I would like to here your thoughts on the combinations you use, and any pics from them would be great to see. I will not be doing anything like buying a body straight away, but I want to consider my options.
 
M4:3 format are ideal for using these old lens, lots of bodies to choose from starting at just over £100 for a Panasonic G1. I use FD lens on my GF1 when im in the mood but i have no pics to hand sorry.
 
I am having a whale of a time using my FD lens collection on a recently acquired Panasonic G2.

I bought a very nice adapter from ceico7 in Poland on eBay.

I think the kit Panasonic 14-42 lens has been on the camera about twice since an FD adapter arrived in the post. I'm enjoying it as much as using my A-1.

Pop the G2 into Aperture priority mode and it handles the exposure stopped down with stopped down metering, but the EVF compensates well for the reduced brightness all the way up to f/11. Beyond that it gets a little dicey, but diffraction is really visible anyhow. I reckon I nail the focus about 95% of the time without needing to check with magnified view. If you do, you can be sure it's spot on. Probably as good as my hit rate with a split image screen on one of my film bodies.

Some examples:

http://www.flickr.com/search/?w=74891768@N00&q=panasonic g2 fd

http://www.skyscrapercity.com/showpost.php?p=77731997&postcount=10537

http://www.talkphotography.co.uk/forums/showpost.php?p=3662527&postcount=6


Pretty much everything here since 4th May

http://www.cybertects.co.uk/gallery2/v/architecture/london/shard


The results mostly bear out my experience with them on film with odd exceptions.

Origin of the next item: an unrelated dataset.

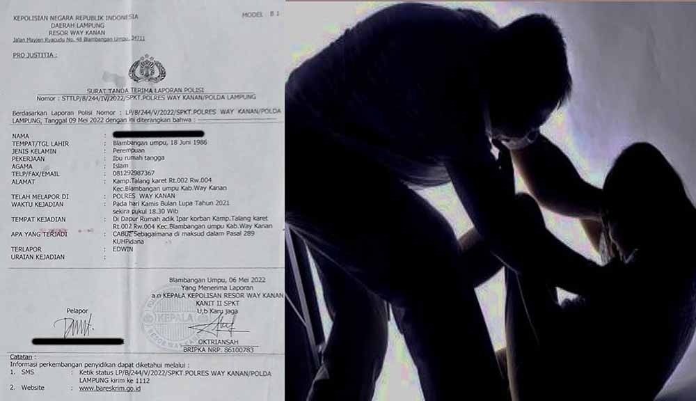 Lampung – Yth. Bapak Kapolda Lampung, laporan polisi yang disampaikan seorang wanita berinisial RH ke Polres Way Kanan terkesan jalan di tempat alias tidak ditindak-lanjuti. RH yang merupakan ibu rumah tangga, warga Kampung Talang Karet, RT.002/RW.004, Kecamatan Blambangan Umpu, Kabupaten Way Kanan, Provinsi Lampung, diduga kuat telah menjadi korban perbuatan cabul yang dilakukan oleh oknum pegawai Perusahaan Jawatan Kereta Api (PJKA) Resor Jalan Rel 10 BBU, berinisial ED. Peristiwa pelecehan seksual yang menimpa korban RH tersebut telah dilaporkan ke Polres Way Kanan pada hari Senin, 06 Mei 2022, sesuai dengan Surat Tanda Terima Laporan Polisi Nomor: STTLP/B/244/IV/2022/SPKT.POLRES WAY KANAN/POLDA LAMPUNG.

Primes: The FDn 50mm f/1.4 is wonderful, I'm very pleased with the FDn 135mm f/2.8. Plenty of blur available even with a crop.

28mm f/2.8 and 35mm f/2.8 aren't quite in the same league but perform well enough stopped down a bit.

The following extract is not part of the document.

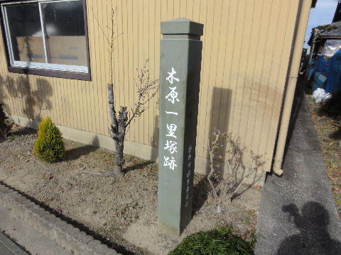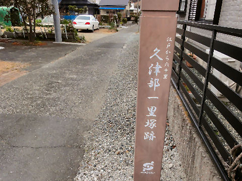 古い距離標識ここが昔は国道一号だったことを示すもの。 |

The FDn 17mm f/4 has been a bit of a disappointment at the edges, but it's a useful focal length on a 2x crop.

Zooms: FDn 35-70mm f/3.5-5.6 is OK but not great. The 70-210mm f/4 has proven surprisingly good (with occasional unaccountable moments of softness).

I've yet to try out a my breechlock FD and FDn 50mm f/1.8s and an FL 50mm f/1.8 on the G2, but that's mostly because the f/1.4 has proven so good.

Currently investigating the purchase of a FD 24mm f/2.0 as that would give me a good approximation of a standard 50mm on full frame. I'd be tempted by a 20mm f/2.8, but I think I'll save my pennies for the Panasonic 20mm f/1.7 pancake for street photography and maximum compactness, especially at the prices the Canon 20mm is going for these days.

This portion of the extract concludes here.